A report published under the US Department of Energy’s (DOE) Path to SunShot series by the National Renewable Energy Laboratory (NREL) and Lawrence Berkeley National Laboratory (Berkeley Lab) has revealed solar power could deliver US$400 billion in environmental and public health benefits throughout the US by 2050.
“We find that a U.S. electric system in which solar plays a major role—supplying 14% of demand in 2030, and 27% in 2050—would result in enduring environmental and health benefits. Moreover, we find that the existing fleet of solar plants is already offering a down-payment towards those benefits, and that there are sizable regional differences in the benefits,” said Ryan Wiser of Berkeley Lab's Energy Technologies Area.
“Moreover, we find that the existing fleet of solar plants is already offering a down-payment towards those benefits, and that there are sizable regional differences in the benefits.”
The report, The Environmental and Public Health Benefits of Achieving High Penetrations of Solar Energy in the United States, centres on the financial benefits of reduced greenhouse gas (GHG) emissions, air pollution-related diseases and water usage under high-penetration solar forecasts. The report is one of eight reports produced through a collaborative effort by DOE and researchers at four national laboratories: the National Renewable Energy Laboratory, Lawrence Berkeley National Laboratory, Sandia National Laboratories and Argonne National Laboratory. They examine the lessons learned in the first five years of the Sunshot Initiative and the challenges and opportunities the industry faces in the final five.
The report is founded upon a scenario-based analysis in which SunShot’s cost targets (of achieving grid parity by 2020) that result in solar meeting roughly 14% of US electricity demand by 2030 and 27% by 2050 is compared with a ‘no new solar’ (NNS) baseline scenario in which no new solar is deployed after 2014. This framework is then used to assess the potential benefits of all incremental solar deployment.

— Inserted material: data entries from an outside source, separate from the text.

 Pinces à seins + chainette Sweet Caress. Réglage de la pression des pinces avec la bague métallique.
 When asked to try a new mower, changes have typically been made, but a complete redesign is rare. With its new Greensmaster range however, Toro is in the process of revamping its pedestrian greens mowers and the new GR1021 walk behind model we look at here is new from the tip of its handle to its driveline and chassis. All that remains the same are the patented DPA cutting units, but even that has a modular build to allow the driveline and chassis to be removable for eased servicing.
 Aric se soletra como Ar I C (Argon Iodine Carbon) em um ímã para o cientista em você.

Benefits of the existing fleet of solar projects
At the end of 2014, 20GW of solar capacity had been installed across the nation, which displaced GHG emissions by 17% million tonnes, with an annual benefit of approximately US$700 million if calculated according to an estimate of the ‘social cost of carbon’. More than 50% of these benefits come from emissions reductions in California.
The overall health and environmental benefits from the reduced air pollutants from power plants as a result of solar culminate into an estimated US$890 million from avoiding premature deaths and a host of other health ailments.

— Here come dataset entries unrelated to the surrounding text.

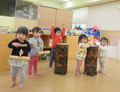 実際に楽器に触れてみると身体の使い方によってさまざまに変化する音色に夢中です。少しずつコツを掴むと、ピアノに合わせたり周りの楽器と合わせる楽しさを感じる事が出来てきました。0歳児さんも大きな楽器を使って全身を使って音を奏でる姿勢がとっても可愛かったですよ。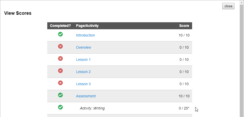 Note: An asterisk next to a score denotes an activity that the student has completed, but the instructor has not graded.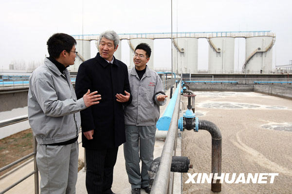趙志全(中)在公司萬噸污水處理池旁向環(huán)保站朱文杰博士(左)了解高效復(fù)合菌種處理合成制藥廢水的研究項目(2月25日攝)。新華社記者何俊昌 攝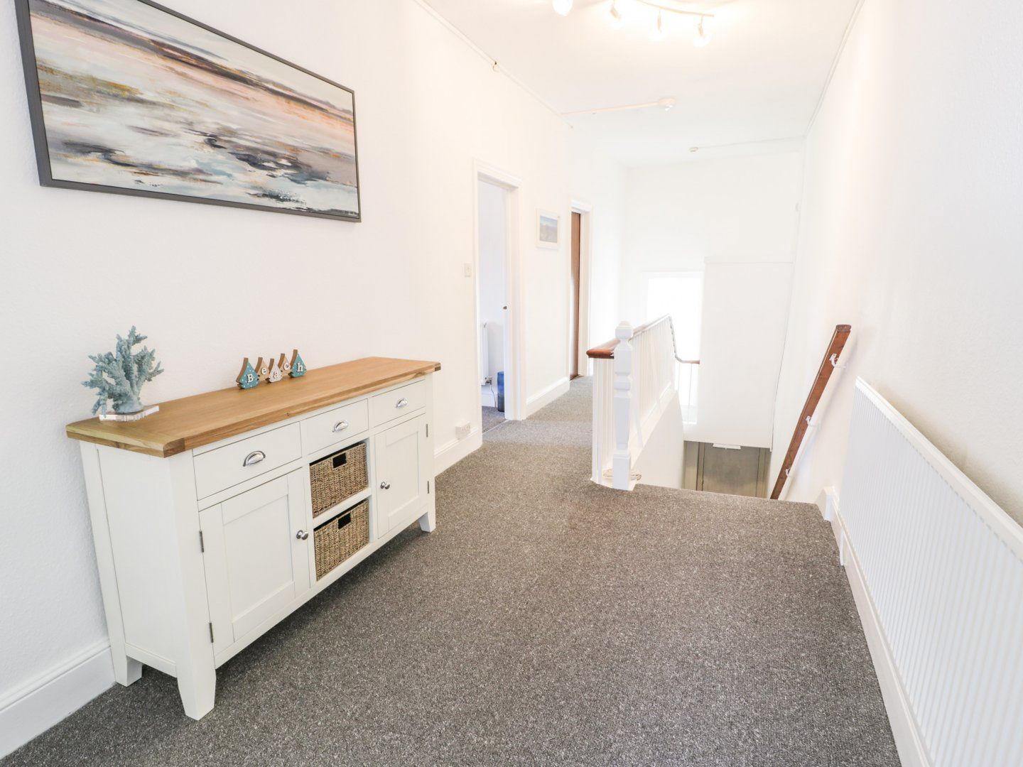 First-floor apartment. Two bedrooms: 1 x super-king-size (zip/link can be twin on request), 1 x bunk. Bathroom with bath, shower over, basin and WC. Kitchen. Living/dining room

According to the ‘social cost of carbon’ estimate, the US existing fleet of solar installations and plants already saves more than US$1.5 billion per year.
Benefits from a high-penetration solar energy future
Compared to a scenario of no new solar, the study reveals that successfully reaching the SunShot target would result in a drop in annual GHGs of 13% in 2030 and 18% 2050 – reductions worth nearly US$260 billion in avoided climate damage, or ¢2.2/kWh.

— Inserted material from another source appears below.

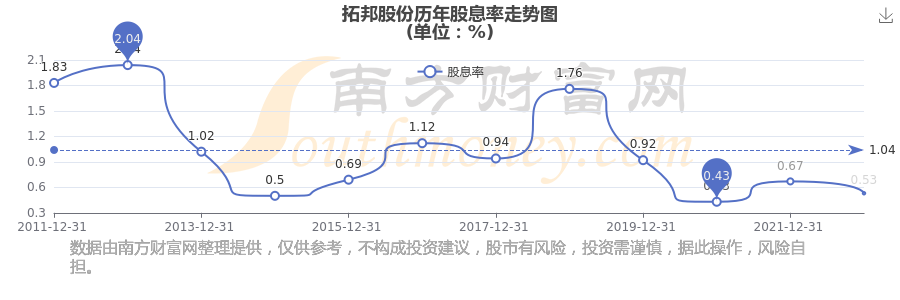 近年拓邦股份年度股息率走勢(shì)如下圖:

The report also details how using solar reduces power-sector water withdrawals by 8% in 2030 and 5% in 2050, compared with the baseline scenario in which water consumption is reduced by 10% in 2030 and 16% in 2050.
The report concludes that quantifying the environmental and public health impacts of solar energy is essential to understanding the true costs and benefits of solar technologies. It is estimated that these benefits could add approximately ¢3.5/kWh to the value of solar energy.